La desorientación de los conservadores explica la crisis de las democracias y el ascenso de la ultraderecha; tampoco las izquierdas encuentran la valentía ni la sagacidad para abordar los temas con los que los ultras se llevan el gato al agua

Máriam M Bascuñán / Poco nos pasa
del hambre
Máriam Martínez-Bascuñán

La previsible victoria de los laboristas británicos no es más que un espejismo. Aunque su desconocido líder, Keir Starmer, desaloje a Rishi Sunak de Downing Street, la revuelta populista avanza. Los sondeos vaticinan el triunfo del inclasificable programa del laborismo británico, una mezcla entre conservadurismo y religión tecnocrática que nadie sensato calificaría de izquierdas, pero el charlatán que abrió las puertas al terremoto del Brexit ocupa de nuevo la tribuna mediática. Hablo, por supuesto, del chamán reaccionario por excelencia, el exlíder del UKIP, Nigel Farage. Al parecer, será elegido para la Cámara de los Comunes y ya habla de “mover las placas tectónicas”. Algunos tories le tientan para que lidere al Partido Conservador tras las elecciones del 4 de julio. Lo que nos faltaba.
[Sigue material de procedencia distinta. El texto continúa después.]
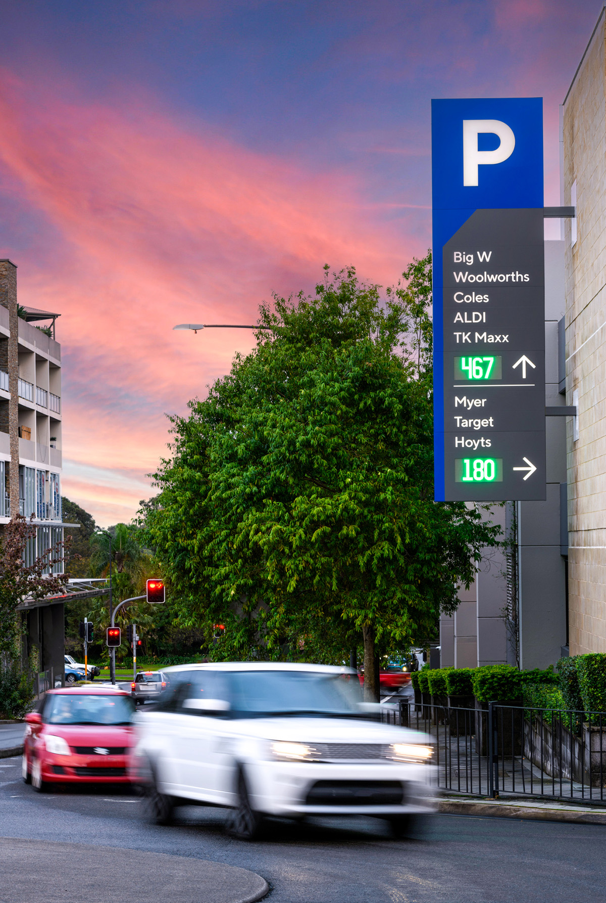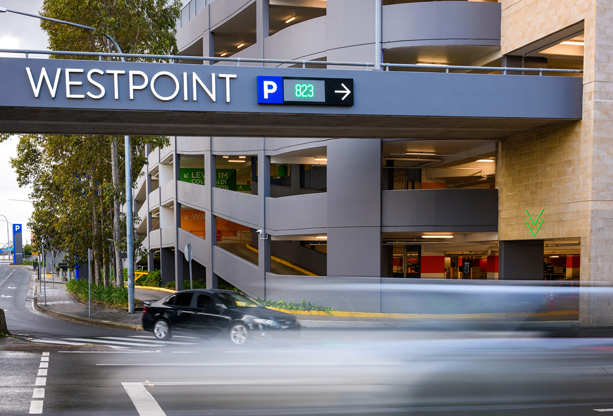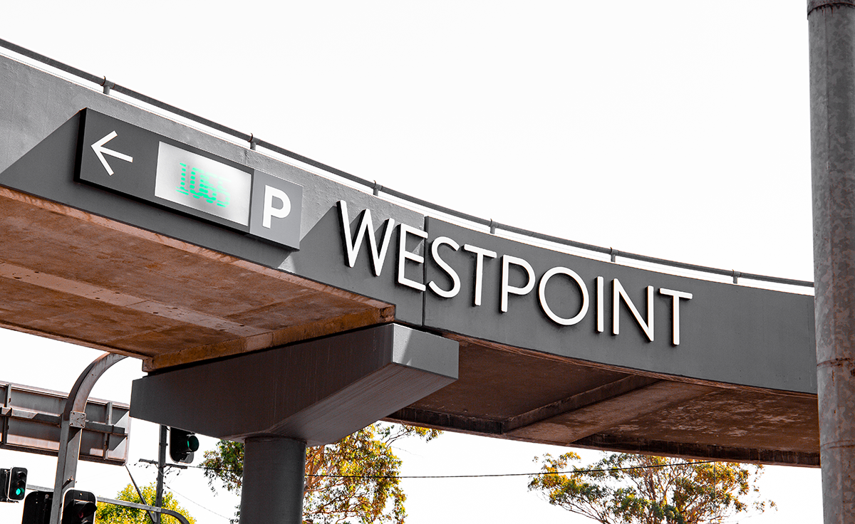 The comprehensive wayfinding solution seamlessly integrated with the rollout of a parking guidance system in 2021. OMG! manufactured and installed 230 aluminum wayfinding signs strategically indicating parking availability across 4,300 parking bays, ensuring customer convenience at Westpoint.

Ya sabemos que la desorientación de la familia conservadora es una de las claves que explica la crisis de las democracias y el ascenso de la ultraderecha, pero también que las izquierdas, incapaces de articular un lenguaje que conecte con las ansiedades y el resentimiento del electorado, no encuentran la valentía ni la sagacidad para abordar los temas con los que los ultras se llevan el gato al agua. Es curioso que el calificativo que nos viene a la cabeza cuando hablamos de un ultra sea el de charlatán o demagogo, cuando lo cierto es que esa cháchara ampulosa consigue conectar con lo que muchos votantes experimentan en sus vidas. Al otro lado, agoniza en forma y fondo un tipo de discurso en peligro de extinción. Recuerden la inexplicable espantada de Rishi Sunak el Día D. Alguien que abandona una celebración tan simbólica y relevante por un acto de campaña en un contexto como el actual es un político que no se entera de nada. Dice John Gray que el error de Sunak representa el “final de una clase política que gobernaba sin entender a sus gobernados”, pero quizá evidencie un problema más profundo que explica el éxito del populismo: eludir la política misma, con sus dilemas y su complejidad.

Nos movemos entre la verdad del experto, con su lenguaje inaccesible, y el parloteo vacío del político presuntuoso. Ayuso es un ejemplo patrio, pero no el único. En medio de tanta guerrilla de vuelo gallináceo todavía nos preguntamos cómo es posible que nuestro tecnocrático ministro de Economía no sea escuchado o fiscalizado. La economía está fuera de la conversación porque no forma parte de la guerra cultural y tampoco es que nos esforcemos por hacerla inteligible. Pero el populismo, recuerda Gray, es también la repolitización de los temas que el consenso progresista consideró demasiado importantes como para dejarlos a la elección democrática. La trampa de la tecnocracia es presentarse como la solución eficaz que todos anhelamos, pero no es más que la imposición de unos valores ajenos a buena parte de la ciudadanía. Llevar razón no basta para legitimar una política: imponerla por ser una verdad científica o moral es otra forma de ser antipolítico. Ha pasado con alguna ley de igualdad y ocurre con la inmigración o el cambio climático. Y también con la inteligencia artificial, aunque ahora sea el Papa quien nos la explica. Obviando qué pinta el jefe divino de la reacción global en una cumbre del G-7, no olviden que, tras su espantosa clase sobre ética, Bergoglio se fue a abrazar a Milei, quien mueve hilos para que desaparezca toda traba ética y legal sobre la investigación en IA en su paraíso ordoliberal. En fin, poco nos pasa.